ACTION ITEM: An exact copy of the entries below is required, with all pictures removed.

Records from a data collection:
---*---

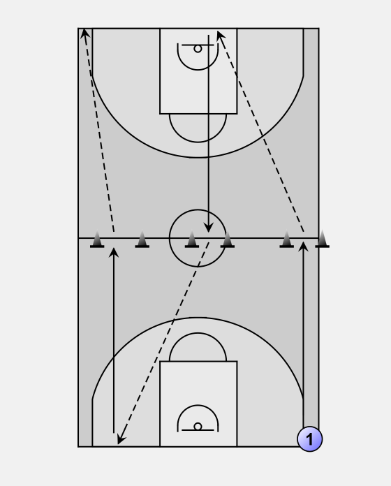 Players sprint to the first set of markers @ the half way line. Once they reach the markers they touch and pivot 180* in one movement and back pedal on their toes as quickly as possible until they are directly under the opposite basket.
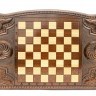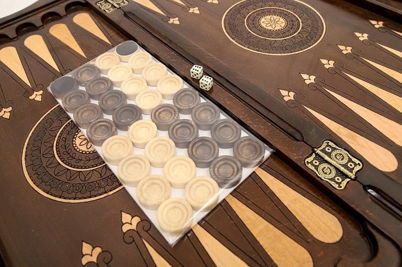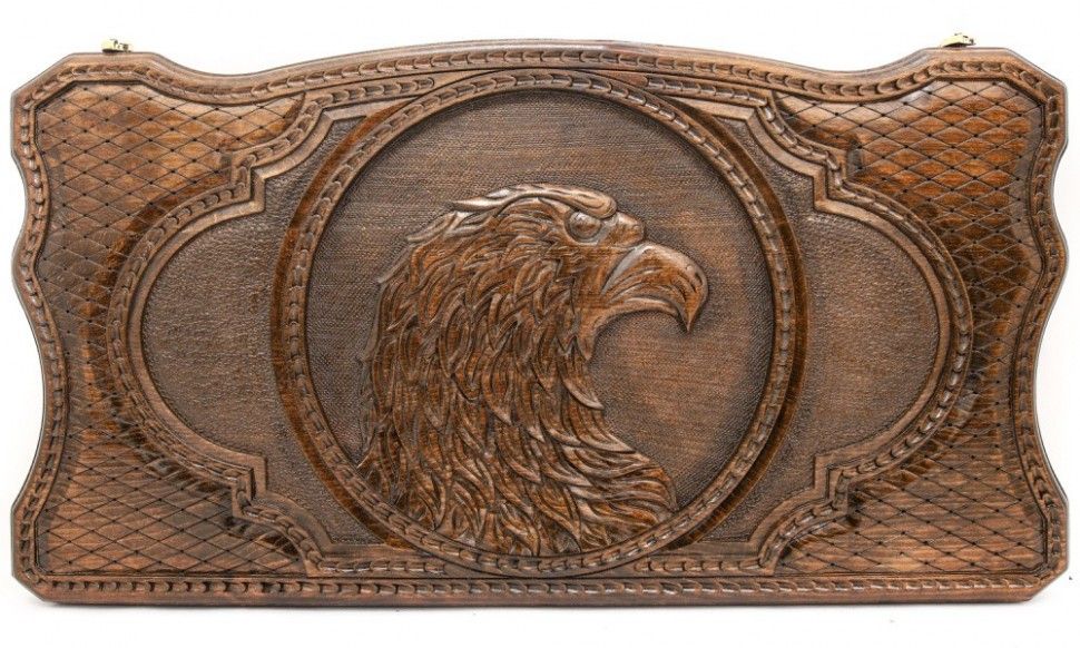 • Что в коробке? Игральная доска; чехол; 2 шестигранных кубика; 32 фишки двух цветов. Резной подарочный набор нард «Орел», сделанный из настоящей буковой древесины – достойное пополнение домашней коллекции классических настольных игр или подарок близкому человеку. Сделанная знаменитым армянским мастером, доска отличается не только высоким качеством, но и потрясающим внешним видом, тщательной детализированностью и проработанностью каждого элемента. Крышка на внешней стороне украшена резным рисунком орла и витиеватым абстрактным узором. Оборотная внешняя сторона – поле для шашек. Внутренняя сторона доски, представляющая собой поле для нард, тоже украшена узорами. Части доски соединены крепкими петлями из настоящей меди. Удобный и практичный чехол позволяет хранить набор в безопасности и легко брать его с собой при необходимости.
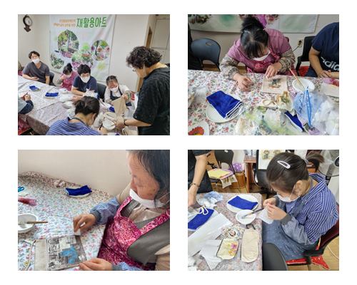재활용아트활동으로 가정에서 사용하지 않는 지갑이나 크로스 가방을 리폼하였습니다.
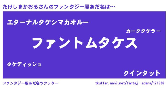 | ヒーロー風カッコイイあだ名 | 『暗黒騎士タケ』『ネオタケシマカオル』 |
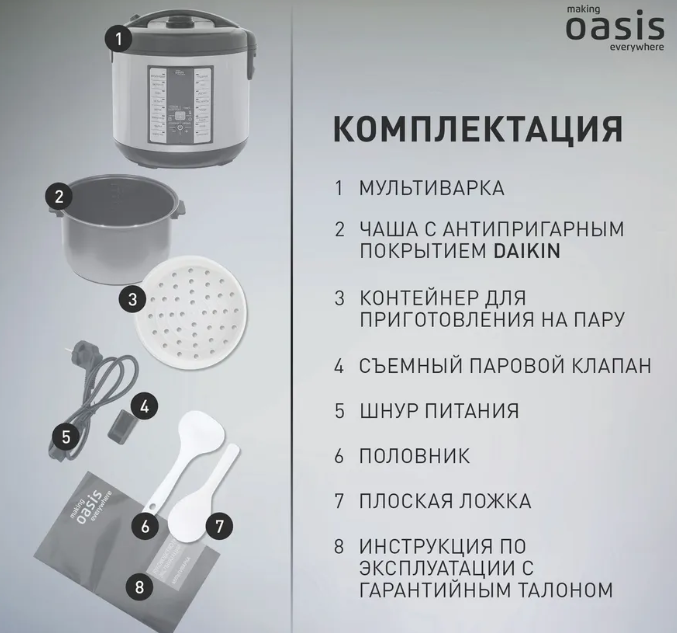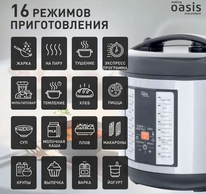Автоматические программы: жарка; суп; на пару, тушение; экспресс программа; мультиповар; томление; блеб; пицца, плов; молочная каша; макароны; крупы; выпечка; варка; йогурт.
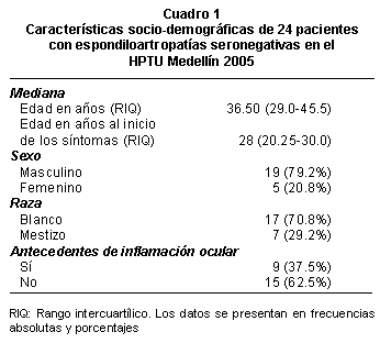Se hace un estudio descriptivo longitudinal de serie de casos, en 24 pacientes de la consulta externa del Hospital Pablo Tobón Uribe de la ciudad de Medellín, con diagnóstico reumatológico de espondiloartropatías seronegativas según los criterios establecidos por la Asociación Americana de Reumatogía, con factor reumatoideo negativo. El comité de ética médica del Hospital Pablo Tobón Uribe, analiza y autoriza la investigación. Los pacientes aceptan participar de forma voluntaria en el estudio y firman el consentimiento informado. Se excluyeron los individuos con enfermedades o procedimientos quirúrgicos que pudieran llevar a inflamación ocular o que no cumplían con los criterios de inclusión mencionados atrás. Se revisaron las historias clínicas de dónde se extrajeron los datos que el paciente corroboró en el momento de la evaluación.

---*---

RESULT:
 Players sprint to the first set of markers @ the half way line. Once they reach the markers they touch and pivot 180* in one movement and back pedal on their toes as quickly as possible until they are directly under the opposite basket.
 • Что в коробке? Игральная доска; чехол; 2 шестигранных кубика; 32 фишки двух цветов. Резной подарочный набор нард «Орел», сделанный из настоящей буковой древесины – достойное пополнение домашней коллекции классических настольных игр или подарок близкому человеку. Сделанная знаменитым армянским мастером, доска отличается не только высоким качеством, но и потрясающим внешним видом, тщательной детализированностью и проработанностью каждого элемента. Крышка на внешней стороне украшена резным рисунком орла и витиеватым абстрактным узором. Оборотная внешняя сторона – поле для шашек. Внутренняя сторона доски, представляющая собой поле для нард, тоже украшена узорами. Части доски соединены крепкими петлями из настоящей меди. Удобный и практичный чехол позволяет хранить набор в безопасности и легко брать его с собой при необходимости.
재활용아트활동으로 가정에서 사용하지 않는 지갑이나 크로스 가방을 리폼하였습니다.
 | ヒーロー風カッコイイあだ名 | 『暗黒騎士タケ』『ネオタケシマカオル』 |
Автоматические программы: жарка; суп; на пару, тушение; экспресс программа; мультиповар; томление; блеб; пицца, плов; молочная каша; макароны; крупы; выпечка; варка; йогурт.
Se hace un estudio descriptivo longitudinal de serie de casos, en 24 pacientes de la consulta externa del Hospital Pablo Tobón Uribe de la ciudad de Medellín, con diagnóstico reumatológico de espondiloartropatías seronegativas según los criterios establecidos por la Asociación Americana de Reumatogía, con factor reumatoideo negativo. El comité de ética médica del Hospital Pablo Tobón Uribe, analiza y autoriza la investigación. Los pacientes aceptan participar de forma voluntaria en el estudio y firman el consentimiento informado. Se excluyeron los individuos con enfermedades o procedimientos quirúrgicos que pudieran llevar a inflamación ocular o que no cumplían con los criterios de inclusión mencionados atrás. Se revisaron las historias clínicas de dónde se extrajeron los datos que el paciente corroboró en el momento de la evaluación.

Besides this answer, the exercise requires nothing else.